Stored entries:

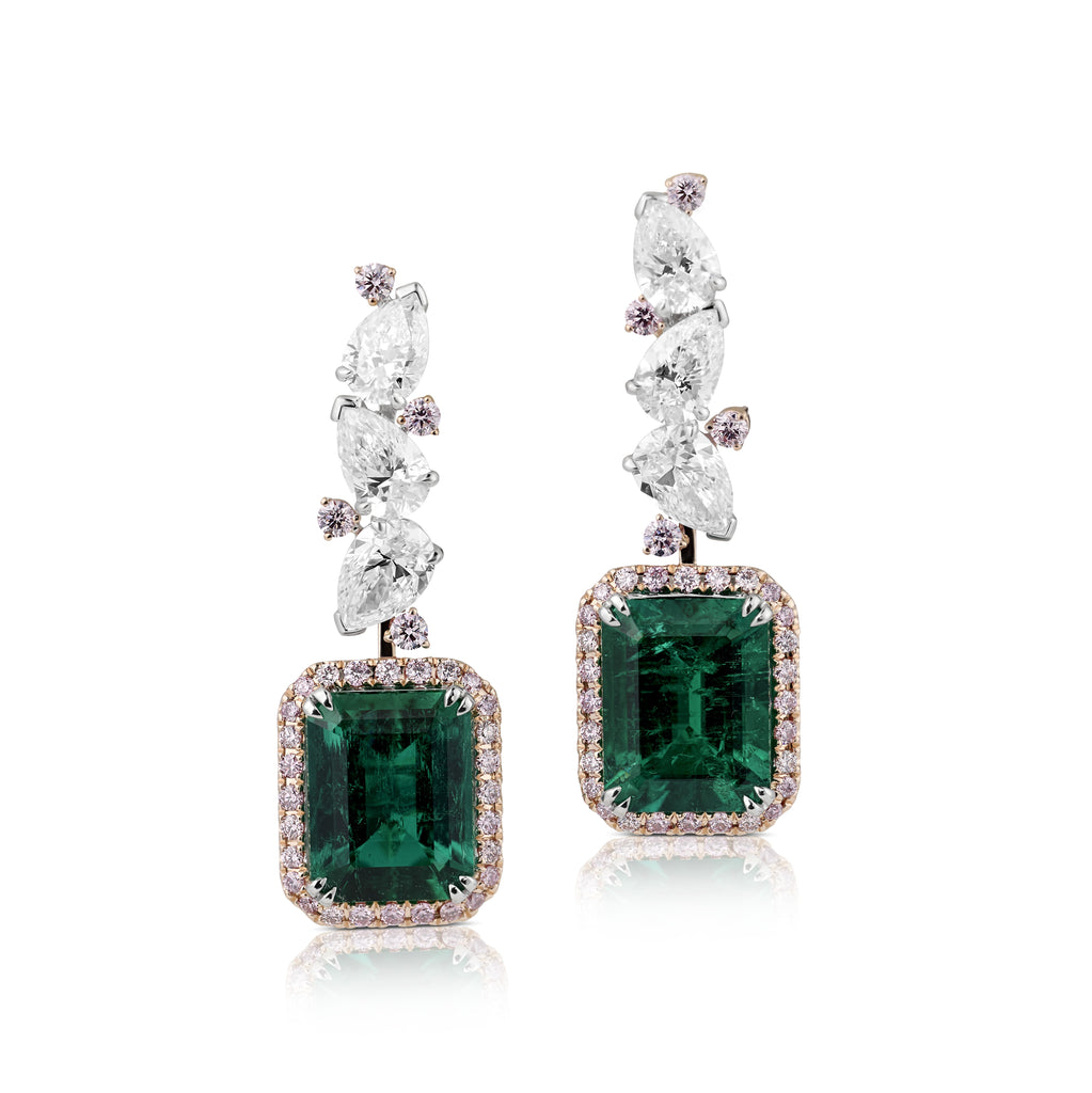 A rare and souft-sounding name. Two Emerald-cut no oil Muzo emeralds, 3.92ct and 3.48ct, each surrounded by a halo of Argyle pink diamonds. Set in a platinum and 18K gold
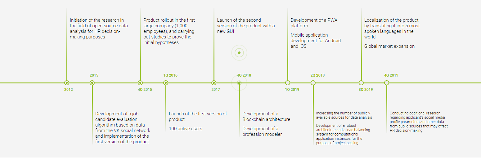 is an artificial intelligence (AI) system for helping small enterprise executives and employees of personnel services to make HR decisions. The system analyzes data from social media and publicly available sources and uses a blockchain-based architecture for data storage.
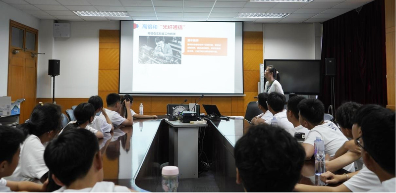 活动邀请了雷速体育 光电信息系副教授张桂菊作专题科普讲座。张老师以《一根神奇的玻璃丝》为题,通过浅显的语言和生动的案例,将复杂的光纤原理转化为引人入胜的科学实验。学生们全神贯注,跟随讲解深入理解这根“玻璃丝”如何利用光信号实现信息的高速传输,亲身体验光纤技术在通信领域的神奇应用。
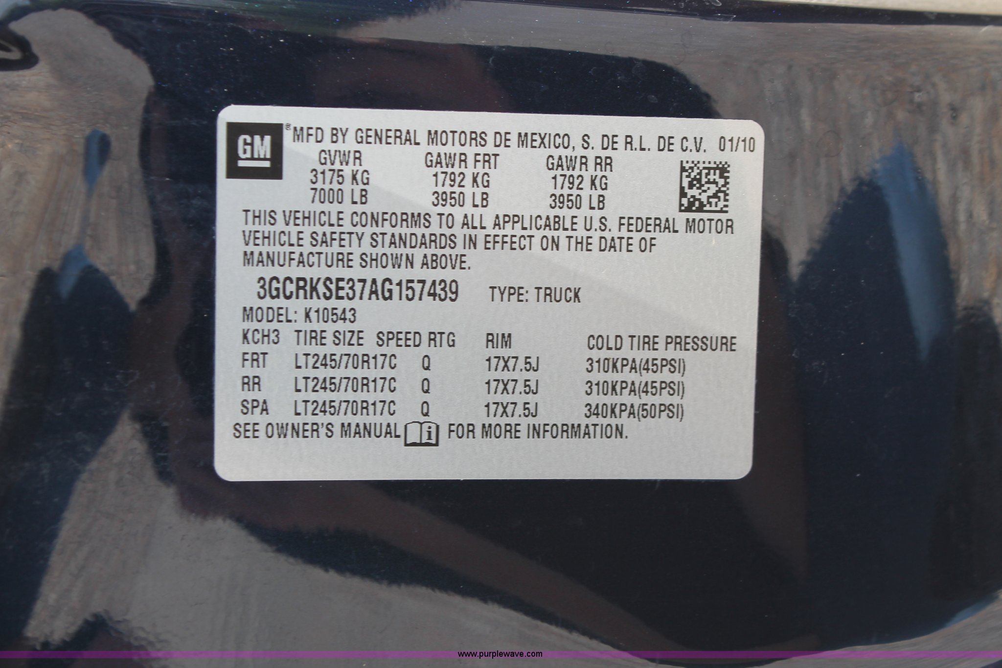 Purple Wave is selling a used 1/2 Ton Pickup or Van in Louisiana. This item is a 2010 Chevrolet Silverado 1500 LT Crew Cab pickup truck with the following: 101,755 miles on odometer, 5.3L V8 OHV 16V FFV gas engine, Automatic transmission, Four wheel drive, AC and heat, Tilt, Cruise, AM/FM/CD, Auxiliary audio input, Power windows, locks, and mirrors, Cloth interior, Stabilitrak traction control, Foot pedal adjustment, Front tow hooks, Rubber bed mat, Receiver hitch, Trailer wiring, Firestone Transforce AT LT245/70R17 tires, Traction control, stabilitrak, and park assist function service light on, Unit# 16726
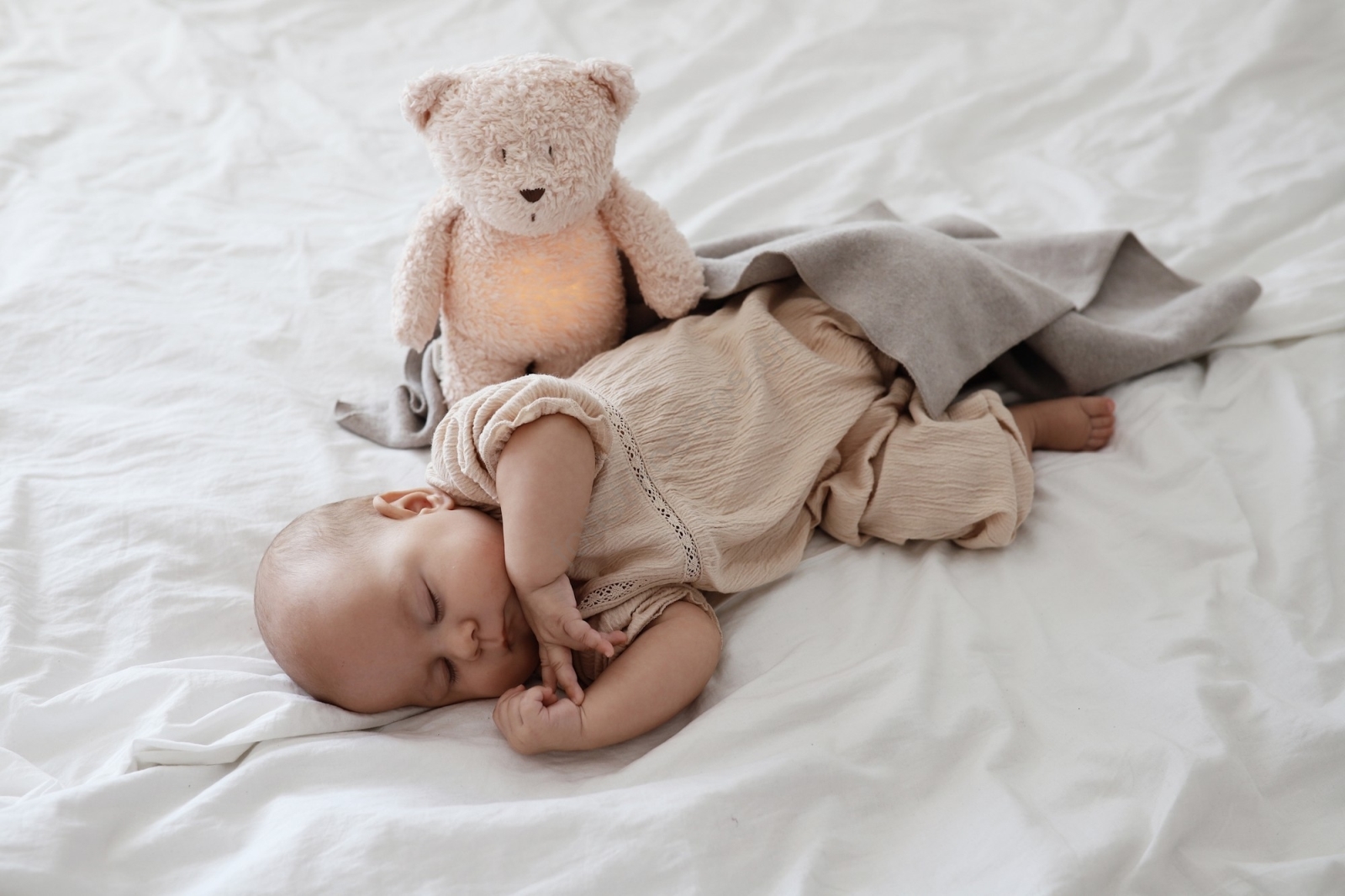 • Moonie -  Λούτρινο αρκουδάκι από οργανικό βαμβάκι με ήχο και φως caramel natur
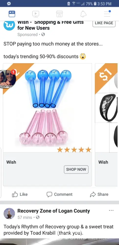 I am a recovering addict. Please take down or do something to stop your ad for METH PIPES from showing up on Facebook. This could cause a newly clean addict a lot of distress. I plan to send a message like this every day until something changes. My recovery family plans to do the same. Please respond to me. Please give this the attention it deserves.
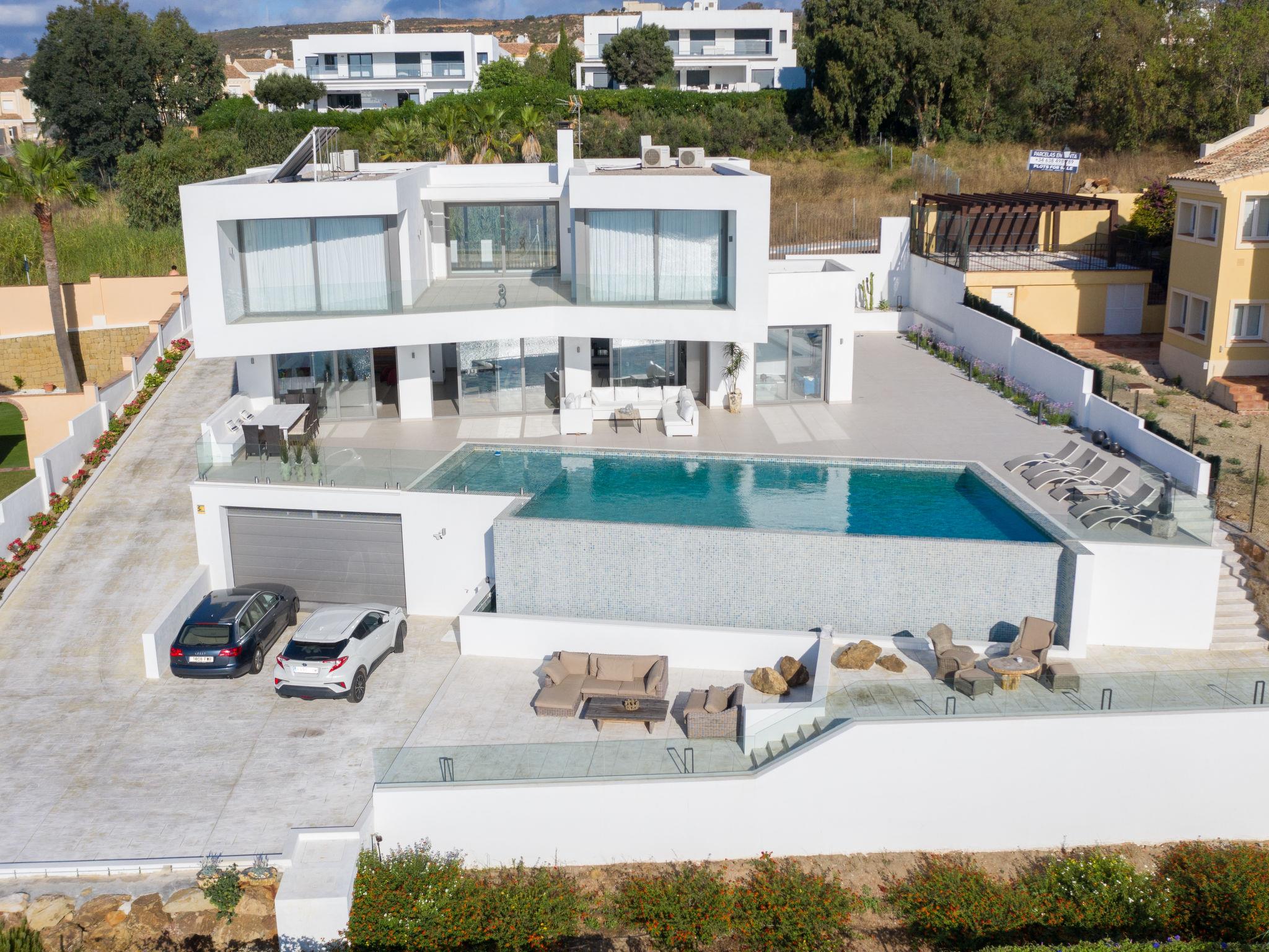 Urbanización La Paloma 9 km from Marina de Sotogrande: Beautiful, comfortable house "Villa Luz", 3 storeys, detached, built in 2019. In an elevated position residential area (villas), 1.5 km from the sea. Private: property 1'195 m2 (fenced), terraced garden, swimming pool angular (6 x 13 m, depth 40 - 175 cm, seasonal availability: 01.Jan. - 31.Dec.) with internal staircase. Outdoor shower, terrace, garden furniture, pool maintenance by the owner/gardener. In the house: lift. Single garage. Supermarket 4.8 km, shopping centre 10.5 km, restaurant 1.6 km, café 600 m, bus stop "Bus Stop Duquesa West, N-340," 6 km, railway station "Estación de tren Algeciras" 37.5 km, sandy beach "Playa de Las Arenas" 1.7 km. Sports harbour 6 km, marina 8.3 km, golf course (18 hole) 6.6 km, sailing school 10.2 km, tennis 9.4 km, minigolf 12.6 km, riding stable 10.8 km. Nearby attractions: Gibraltar 33.8 km, Puerto Deportivo Sotogrande 8.3 km, The Estepona Old Quarter Casco Antiguo 18.6 km, Ciudad Romana de Acinipo 102 km, Ciudad de Ronda 83.4 km, Tarifa Beach 59.2 km. Hiking paths: El Caminito del Rey - Acceso Norte 118 km.

ACTION ITEM = With all pictures omitted, repeat every record above word for word.

TASK RESPONSE =
 A rare and souft-sounding name. Two Emerald-cut no oil Muzo emeralds, 3.92ct and 3.48ct, each surrounded by a halo of Argyle pink diamonds. Set in a platinum and 18K gold
 is an artificial intelligence (AI) system for helping small enterprise executives and employees of personnel services to make HR decisions. The system analyzes data from social media and publicly available sources and uses a blockchain-based architecture for data storage.
 活动邀请了雷速体育 光电信息系副教授张桂菊作专题科普讲座。张老师以《一根神奇的玻璃丝》为题,通过浅显的语言和生动的案例,将复杂的光纤原理转化为引人入胜的科学实验。学生们全神贯注,跟随讲解深入理解这根“玻璃丝”如何利用光信号实现信息的高速传输,亲身体验光纤技术在通信领域的神奇应用。
 Purple Wave is selling a used 1/2 Ton Pickup or Van in Louisiana. This item is a 2010 Chevrolet Silverado 1500 LT Crew Cab pickup truck with the following: 101,755 miles on odometer, 5.3L V8 OHV 16V FFV gas engine, Automatic transmission, Four wheel drive, AC and heat, Tilt, Cruise, AM/FM/CD, Auxiliary audio input, Power windows, locks, and mirrors, Cloth interior, Stabilitrak traction control, Foot pedal adjustment, Front tow hooks, Rubber bed mat, Receiver hitch, Trailer wiring, Firestone Transforce AT LT245/70R17 tires, Traction control, stabilitrak, and park assist function service light on, Unit# 16726
 • Moonie -  Λούτρινο αρκουδάκι από οργανικό βαμβάκι με ήχο και φως caramel natur
 I am a recovering addict. Please take down or do something to stop your ad for METH PIPES from showing up on Facebook. This could cause a newly clean addict a lot of distress. I plan to send a message like this every day until something changes. My recovery family plans to do the same. Please respond to me. Please give this the attention it deserves.
 Urbanización La Paloma 9 km from Marina de Sotogrande: Beautiful, comfortable house "Villa Luz", 3 storeys, detached, built in 2019. In an elevated position residential area (villas), 1.5 km from the sea. Private: property 1'195 m2 (fenced), terraced garden, swimming pool angular (6 x 13 m, depth 40 - 175 cm, seasonal availability: 01.Jan. - 31.Dec.) with internal staircase. Outdoor shower, terrace, garden furniture, pool maintenance by the owner/gardener. In the house: lift. Single garage. Supermarket 4.8 km, shopping centre 10.5 km, restaurant 1.6 km, café 600 m, bus stop "Bus Stop Duquesa West, N-340," 6 km, railway station "Estación de tren Algeciras" 37.5 km, sandy beach "Playa de Las Arenas" 1.7 km. Sports harbour 6 km, marina 8.3 km, golf course (18 hole) 6.6 km, sailing school 10.2 km, tennis 9.4 km, minigolf 12.6 km, riding stable 10.8 km. Nearby attractions: Gibraltar 33.8 km, Puerto Deportivo Sotogrande 8.3 km, The Estepona Old Quarter Casco Antiguo 18.6 km, Ciudad Romana de Acinipo 102 km, Ciudad de Ronda 83.4 km, Tarifa Beach 59.2 km. Hiking paths: El Caminito del Rey - Acceso Norte 118 km.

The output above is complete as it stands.